Task objective: Both ends included, set down the lines from the line containing "insert it in" through the last line of the records below, without pictures.
### Dataset content ###
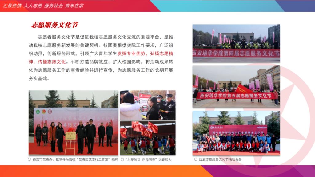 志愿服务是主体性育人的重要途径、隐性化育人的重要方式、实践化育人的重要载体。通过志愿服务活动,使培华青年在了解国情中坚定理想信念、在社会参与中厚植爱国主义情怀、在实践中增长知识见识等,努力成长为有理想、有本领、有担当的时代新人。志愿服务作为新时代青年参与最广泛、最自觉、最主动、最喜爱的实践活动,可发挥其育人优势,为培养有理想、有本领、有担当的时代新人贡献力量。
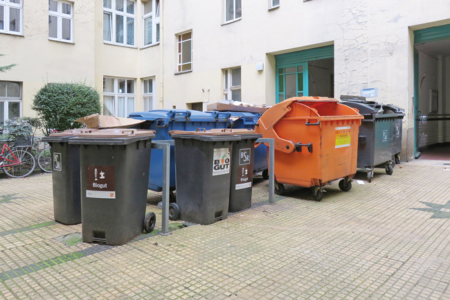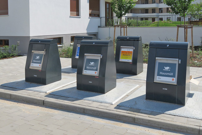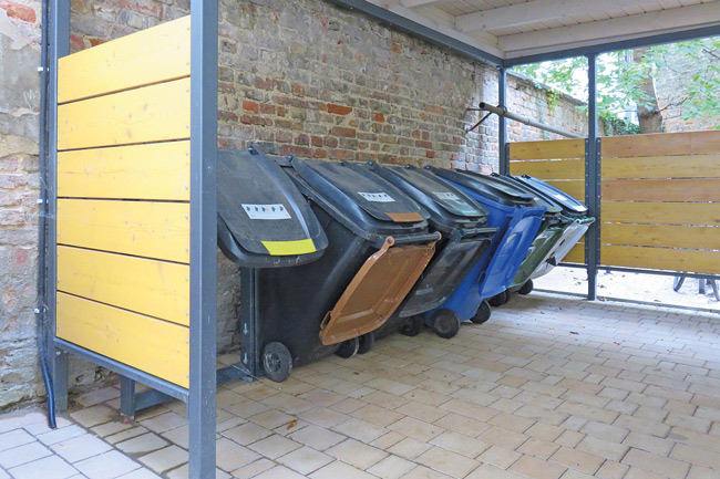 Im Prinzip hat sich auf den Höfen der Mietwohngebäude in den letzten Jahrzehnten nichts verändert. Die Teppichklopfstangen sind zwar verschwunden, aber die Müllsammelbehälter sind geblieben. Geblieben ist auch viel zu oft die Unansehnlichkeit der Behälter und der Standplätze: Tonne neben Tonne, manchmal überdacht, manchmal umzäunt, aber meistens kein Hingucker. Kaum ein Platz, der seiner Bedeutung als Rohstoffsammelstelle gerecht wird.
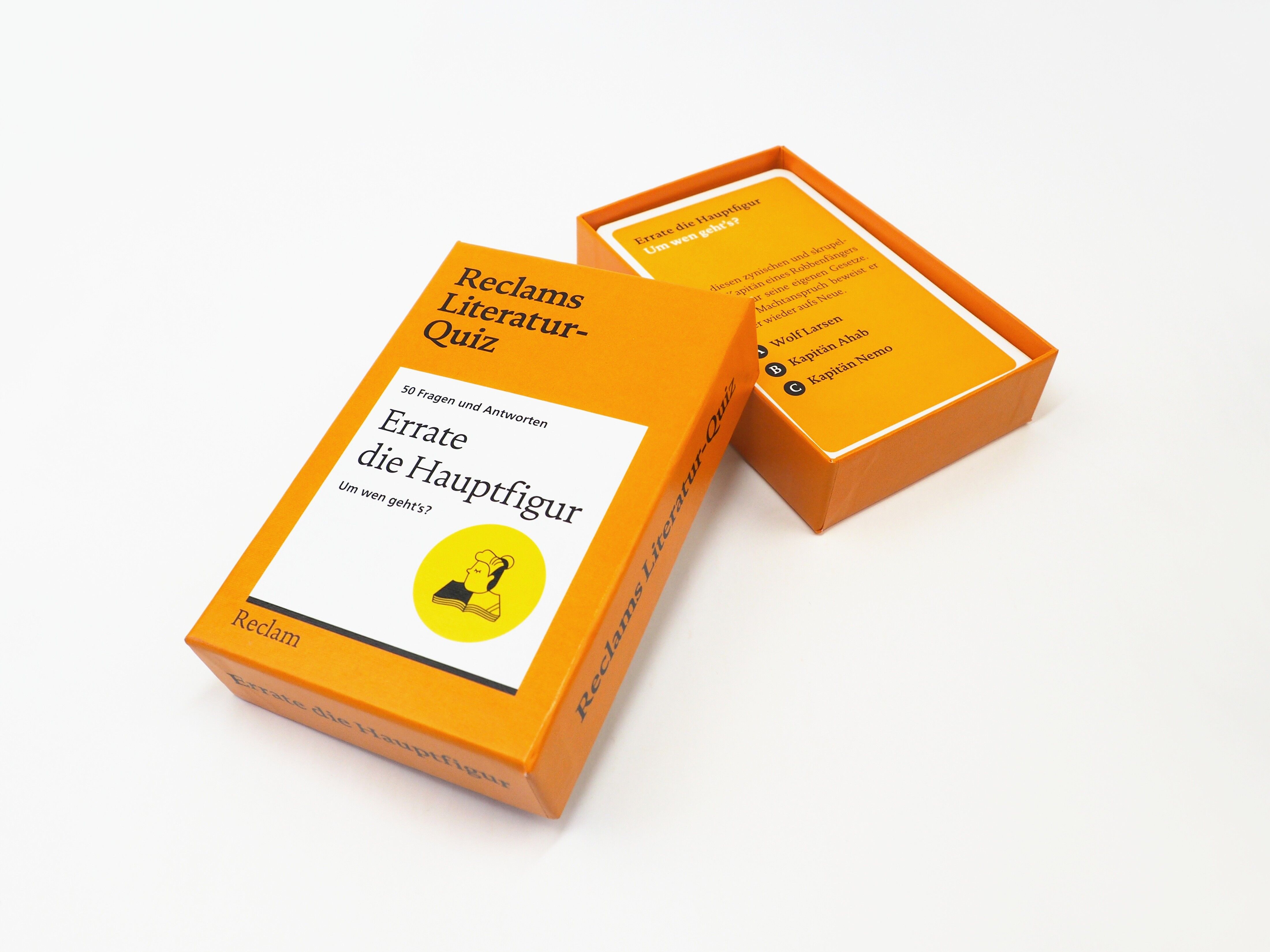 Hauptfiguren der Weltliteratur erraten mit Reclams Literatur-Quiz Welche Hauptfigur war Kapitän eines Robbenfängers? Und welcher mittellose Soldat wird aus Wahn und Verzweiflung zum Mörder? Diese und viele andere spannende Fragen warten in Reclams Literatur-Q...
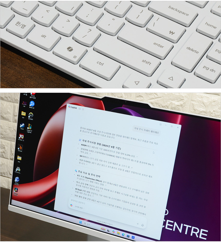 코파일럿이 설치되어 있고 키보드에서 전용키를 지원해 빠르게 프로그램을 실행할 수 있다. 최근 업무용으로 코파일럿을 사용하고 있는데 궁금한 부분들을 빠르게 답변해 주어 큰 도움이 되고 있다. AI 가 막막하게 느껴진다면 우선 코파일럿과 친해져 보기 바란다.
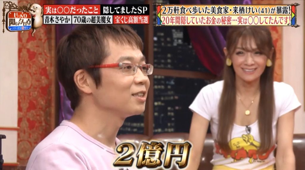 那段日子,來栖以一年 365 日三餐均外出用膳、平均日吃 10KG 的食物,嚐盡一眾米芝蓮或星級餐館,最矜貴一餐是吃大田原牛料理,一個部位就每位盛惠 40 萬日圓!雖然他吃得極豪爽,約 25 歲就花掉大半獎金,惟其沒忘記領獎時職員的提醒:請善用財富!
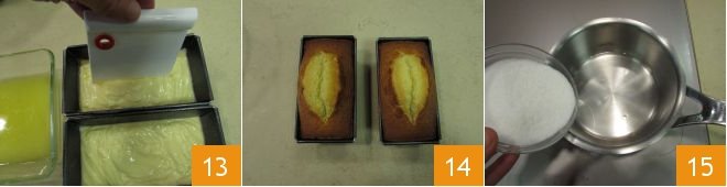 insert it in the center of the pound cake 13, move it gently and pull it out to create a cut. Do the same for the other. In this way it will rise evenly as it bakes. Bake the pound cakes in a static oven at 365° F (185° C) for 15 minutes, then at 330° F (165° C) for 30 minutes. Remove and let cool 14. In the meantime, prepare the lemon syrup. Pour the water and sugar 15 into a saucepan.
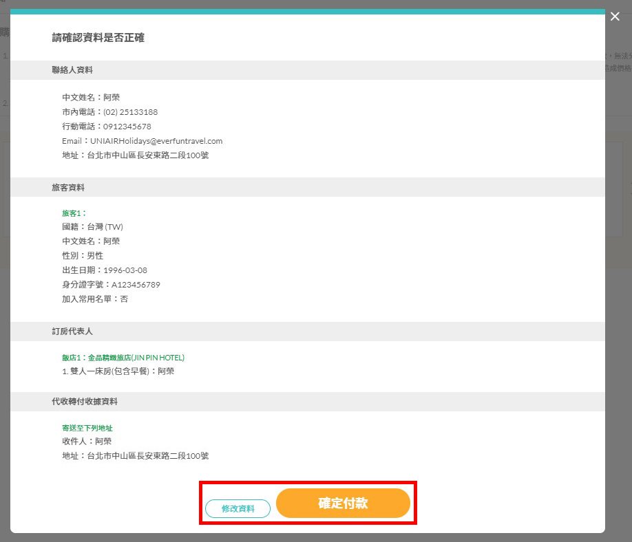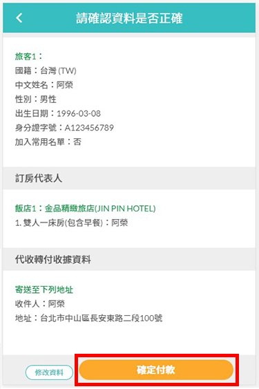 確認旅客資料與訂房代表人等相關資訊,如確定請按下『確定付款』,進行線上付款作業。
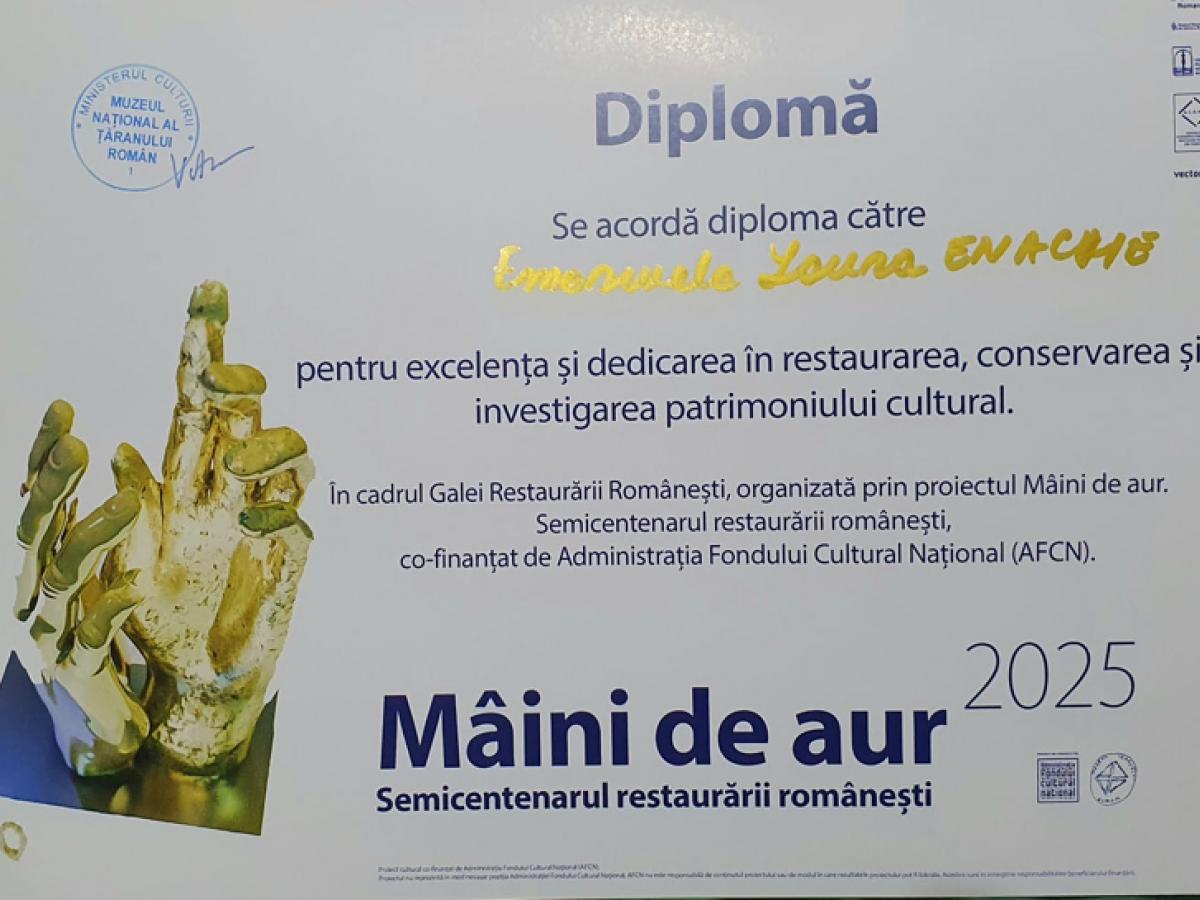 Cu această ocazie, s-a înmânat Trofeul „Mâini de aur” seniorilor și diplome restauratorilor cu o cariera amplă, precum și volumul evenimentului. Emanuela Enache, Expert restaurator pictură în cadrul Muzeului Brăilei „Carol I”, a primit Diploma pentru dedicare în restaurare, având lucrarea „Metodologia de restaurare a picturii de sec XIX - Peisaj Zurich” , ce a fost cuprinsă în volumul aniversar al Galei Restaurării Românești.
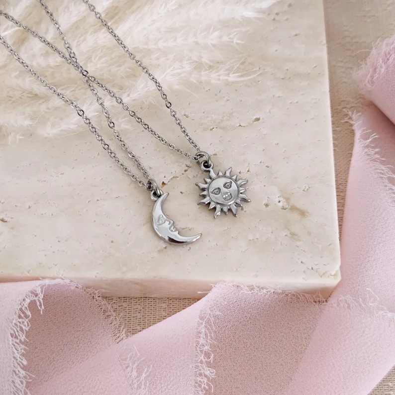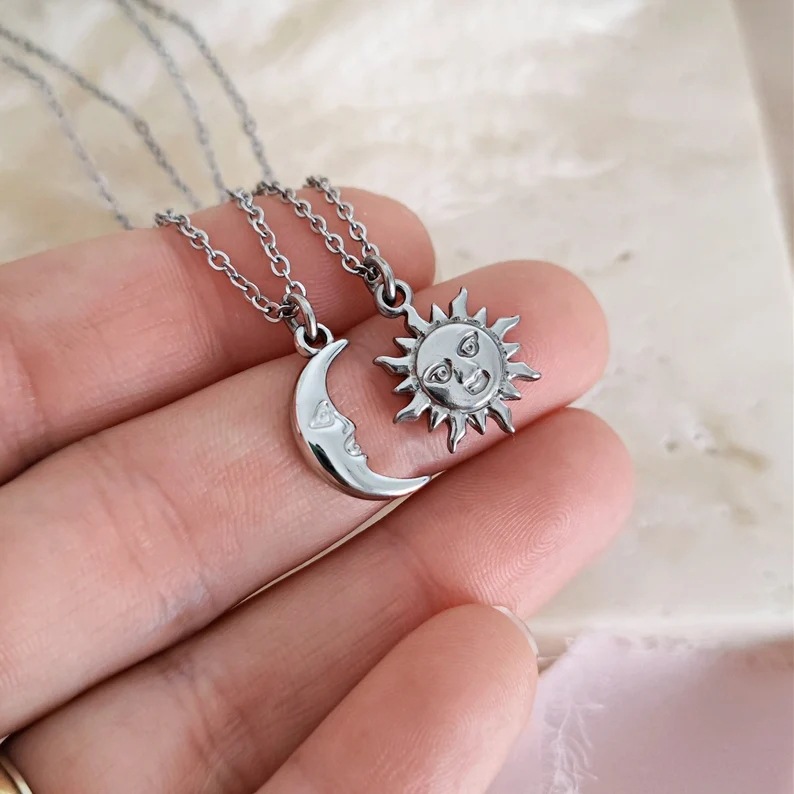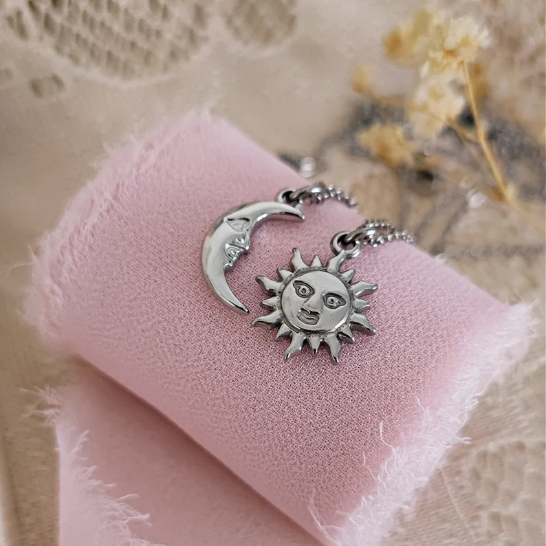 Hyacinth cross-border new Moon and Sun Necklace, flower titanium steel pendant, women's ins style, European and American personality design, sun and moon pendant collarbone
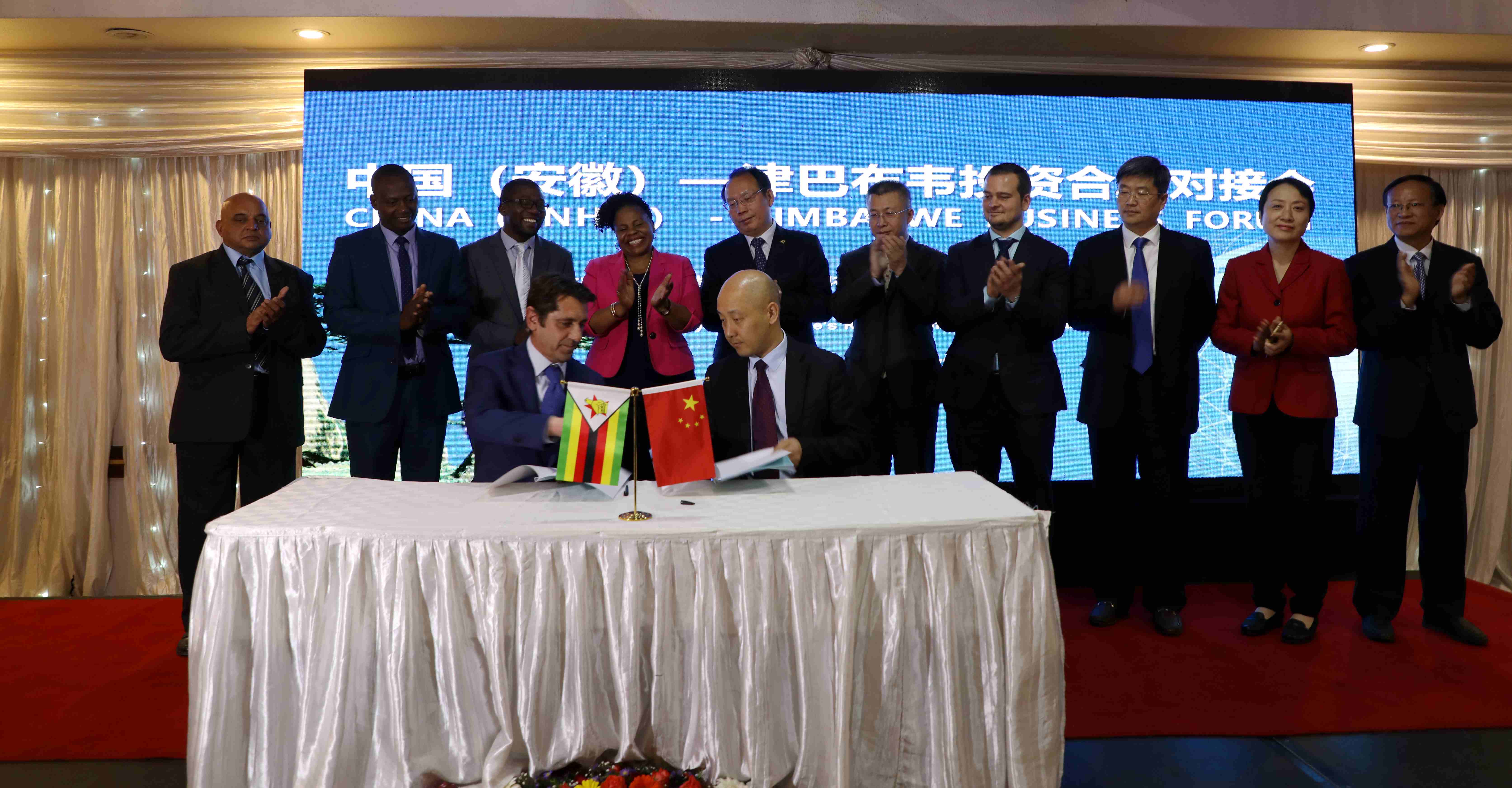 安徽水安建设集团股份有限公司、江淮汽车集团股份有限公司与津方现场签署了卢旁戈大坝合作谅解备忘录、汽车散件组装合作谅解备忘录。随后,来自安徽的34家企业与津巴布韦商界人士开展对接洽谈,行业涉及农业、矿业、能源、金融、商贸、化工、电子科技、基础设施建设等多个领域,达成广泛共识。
###
Solution to this problem:
 insert it in the center of the pound cake 13, move it gently and pull it out to create a cut. Do the same for the other. In this way it will rise evenly as it bakes. Bake the pound cakes in a static oven at 365° F (185° C) for 15 minutes, then at 330° F (165° C) for 30 minutes. Remove and let cool 14. In the meantime, prepare the lemon syrup. Pour the water and sugar 15 into a saucepan.
 確認旅客資料與訂房代表人等相關資訊,如確定請按下『確定付款』,進行線上付款作業。
 Cu această ocazie, s-a înmânat Trofeul „Mâini de aur” seniorilor și diplome restauratorilor cu o cariera amplă, precum și volumul evenimentului. Emanuela Enache, Expert restaurator pictură în cadrul Muzeului Brăilei „Carol I”, a primit Diploma pentru dedicare în restaurare, având lucrarea „Metodologia de restaurare a picturii de sec XIX - Peisaj Zurich” , ce a fost cuprinsă în volumul aniversar al Galei Restaurării Românești.
 Hyacinth cross-border new Moon and Sun Necklace, flower titanium steel pendant, women's ins style, European and American personality design, sun and moon pendant collarbone
 安徽水安建设集团股份有限公司、江淮汽车集团股份有限公司与津方现场签署了卢旁戈大坝合作谅解备忘录、汽车散件组装合作谅解备忘录。随后,来自安徽的34家企业与津巴布韦商界人士开展对接洽谈,行业涉及农业、矿业、能源、金融、商贸、化工、电子科技、基础设施建设等多个领域,达成广泛共识。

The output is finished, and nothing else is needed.